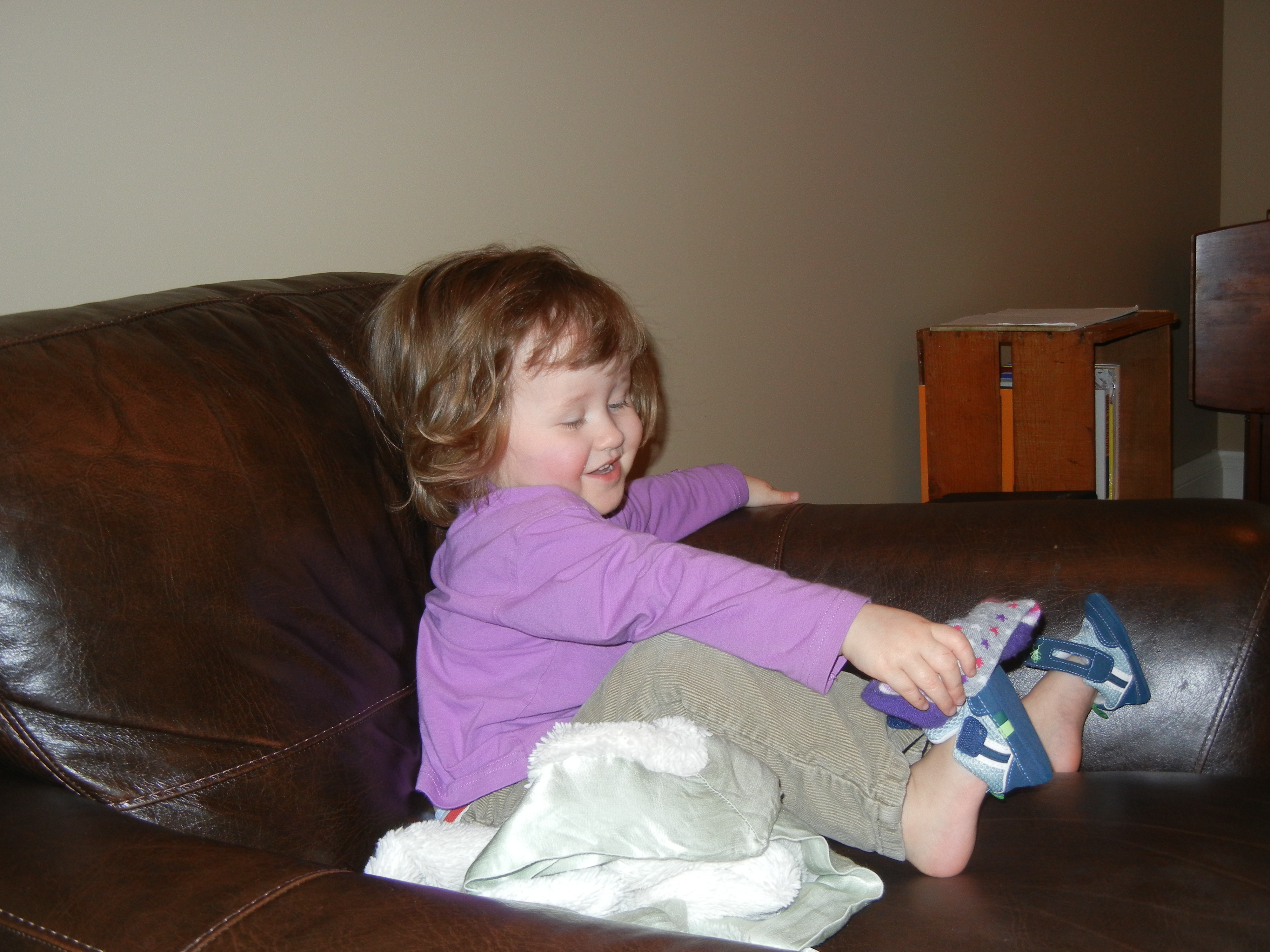 After the fun of trying on Mama’s boots, Evelyn decided to go the other direction and see if she could fit into some baby shoes. The baby’s shoes are officially “tiny.”
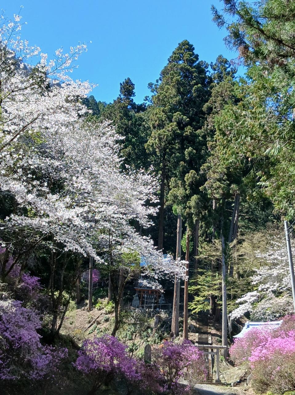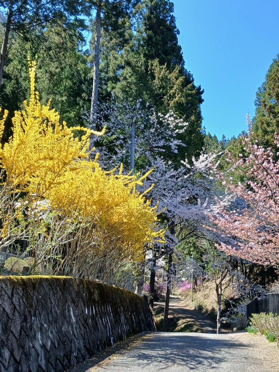 そば福前の桜や大きな山ツツジを眺めながら奥へ
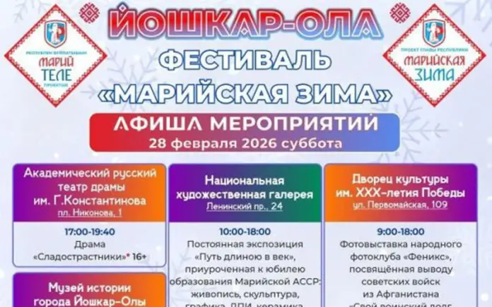 В последний день февраля в Йошкар-Оле состоится закрытие фестиваля «Марийская зима». Об этом сообщает ИА Кулик.
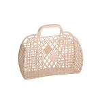 Sun Jellies retrotasker tager dig med tilbage til 80’erne. De flotte kurvetaske er lavet af 100% genanvendeligt plastik. Mønstret er det originale fra 1980'erne og konceptet er stadig det samme og samles ved hjælp af små plastdutter.Brug Sun Jellies tasken til opbevaring af legetøj, badetøj, strandlegetøj og andet nip eller som rigtig håndtaske.
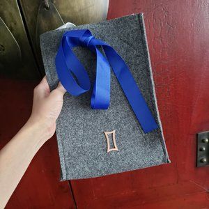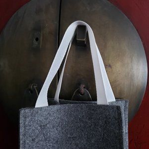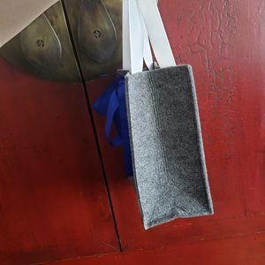 Kit and Ace small tote bag. Structured Grey felt bag that ties with blue ribbon.
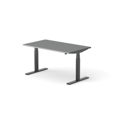Platte aus Spanplatte mit pflegeleichter Melaminharzbeschichtung in Dekor MS Slate. Plattenform rechteckig. T-Fußgestell in RAL9005 Tiefschwarz. Höhenverstellung durch Elektromotor mit Handschalter und Display. Funktionen: Abspeichern und automatisches Abrufen von programmierten Tischhöhen dank Memoryfunktion. Mit Eurostecker.
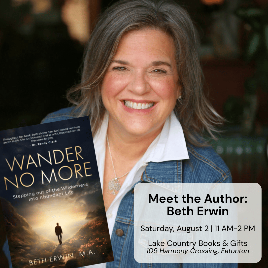 On Saturday, August 2 from 11:00 AM – 2:00 PM, Lake Country Books & Gifts will host a special book signing event with local author Beth Erwin to celebrate the release of her latest novel, Wander No More.

::::::::::

- YOUR GOAL: Give again, word for word, the lines above from the first one through the one containing "そば福前の桜や大きな山ツツジを眺めながら奥へ"; no pictures.

- THE ANSWER:
 After the fun of trying on Mama’s boots, Evelyn decided to go the other direction and see if she could fit into some baby shoes. The baby’s shoes are officially “tiny.”
 そば福前の桜や大きな山ツツジを眺めながら奥へ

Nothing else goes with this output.